Reported by: l2dy (Zero King) Owned by:
Priority: Normal Milestone:
Component: ports Version:
Keywords: Cc: ryandesign (Ryan Carsten Schmidt), cjones051073 (Chris Jones)
Port:

Description

GitHub is returning different content with and without Accept: text/html header.

$ port -v live h2o
Error: cannot check if h2o was updated (regex didn't match)
$ curl 'https://github.com/h2o/h2o/tags'
  <li role="option" class="autocomplete-item">v2.3.0-beta1</li>
  <li role="option" class="autocomplete-item">v2.2.5</li>
  <li role="option" class="autocomplete-item">v2.2.4</li>
  <li role="option" class="autocomplete-item">v2.2.3</li>
  <li role="option" class="autocomplete-item">v2.2.2</li>
  <li role="option" class="autocomplete-item">v2.2.1</li>
  <li role="option" class="autocomplete-item">v2.2.0</li>
  <li role="option" class="autocomplete-item">v2.2.0-beta3</li>
  <li role="option" class="autocomplete-item">v2.2.0-beta2</li>

Change History (17)

comment:1 Changed 6 years ago by ryandesign (Ryan Carsten Schmidt)

Cc: ryandesign added

At one point I looked into switching the github portgroup's tag livecheck over to an atom feed like the commit livecheck already uses, since downloading the full page HTML is unnecessary and wasteful.
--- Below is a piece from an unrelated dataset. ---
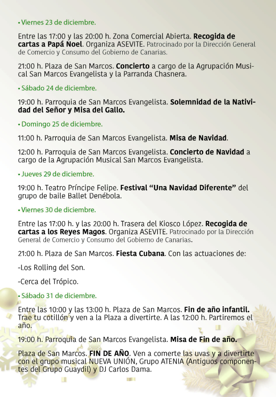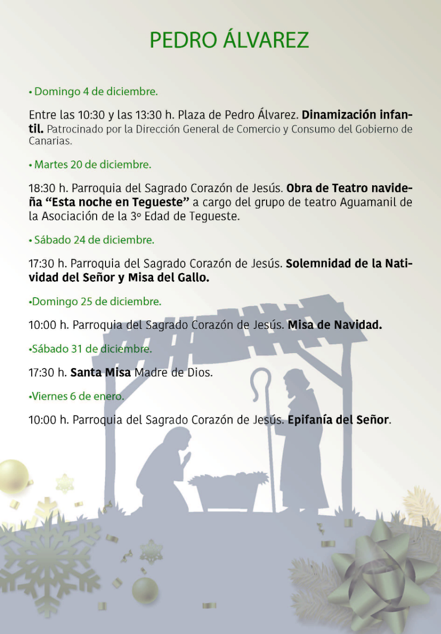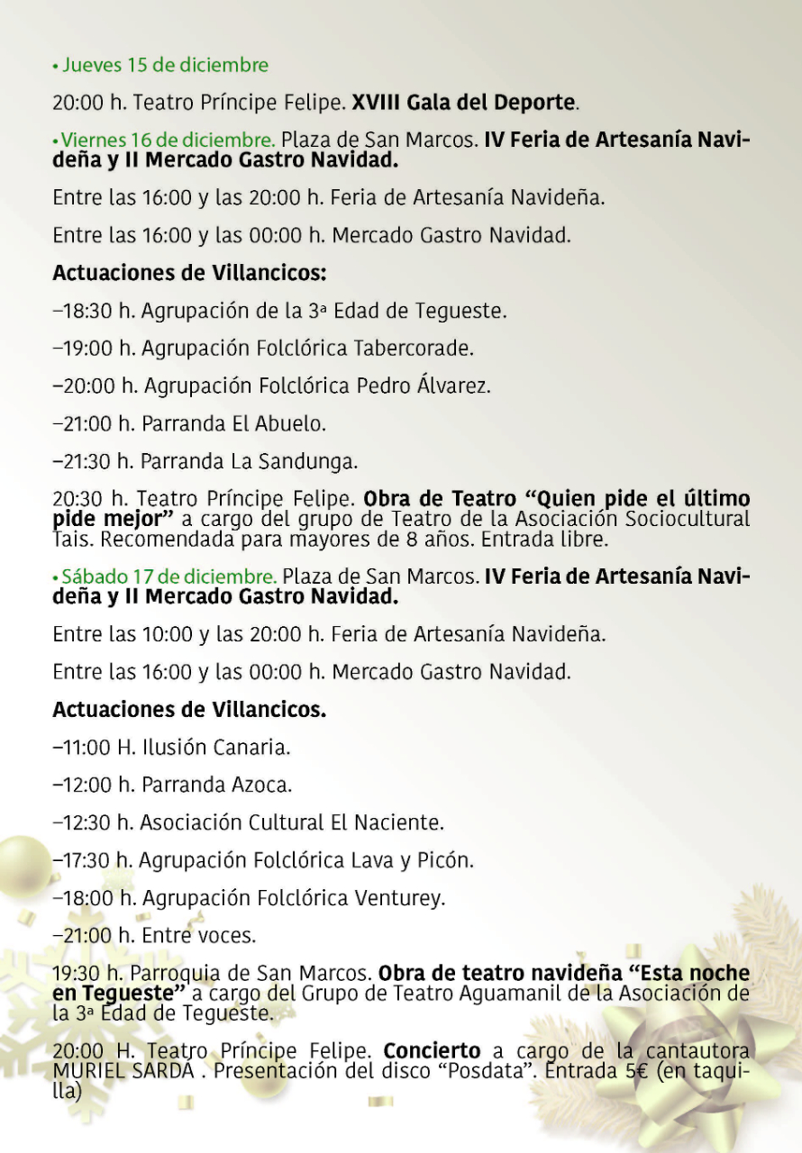 Programa de Navidad en Tegueste 2022 InfoTegueste2022-12-01T20:52:00+01:0001/12/2022| Comparte la noticia! FacebookXLinkedInWhatsAppCorreo electrónico Artículos relacionados Programa de las Fiestas de San Marcos Evangelista Programa de las Fiestas de San Marcos Evangelista 28/03/2025 | Sin comentarios Comienza la VI Feria de Artesanía Navideña de Tegueste Comienza la VI Feria de Artesanía Navideña de Tegueste 11/12/2024 | Sin comentarios El Ayuntamiento de Tegueste presenta su programación navideña 2024 con una agenda llena de actividades para toda la familia El Ayuntamiento de Tegueste presenta su programación navideña 2024 con una agenda llena de actividades para toda la familia 01/12/2024 | Sin comentarios Tegueste da inicio a las Fiestas de San Andrés La Padilla 2024 con una programación que aúna cultura, gastronomía y ocio Tegueste da inicio a las Fiestas de San Andrés La Padilla 2024 con una programación que aúna cultura, gastronomía y ocio 19/11/2024 | Sin comentarios Ruta: De Parrandas y Bodegas por San Andrés Ruta: De Parrandas y Bodegas por San Andrés 17/11/2024 | Sin comentarios

But it looks like now the URL we're already using is returning shorter output, which would be fine.

But this also points out that MacPorts isn't sending Accept: text/html when doing livecheck. And probably we should be, right?

comment:2 Changed 6 years ago by cjones051073 (Chris Jones)

Cc: cjones051073 added

comment:3 Changed 6 years ago by cjones051073 (Chris Jones)

Funnily enough, I stumbled over this myself yesterday and was looking into it a bit, before finding this ticket, so thought I would post what I had found just FYI...

I can confirm appending "Accept: text/html" to the curl http headers does seem to fix things.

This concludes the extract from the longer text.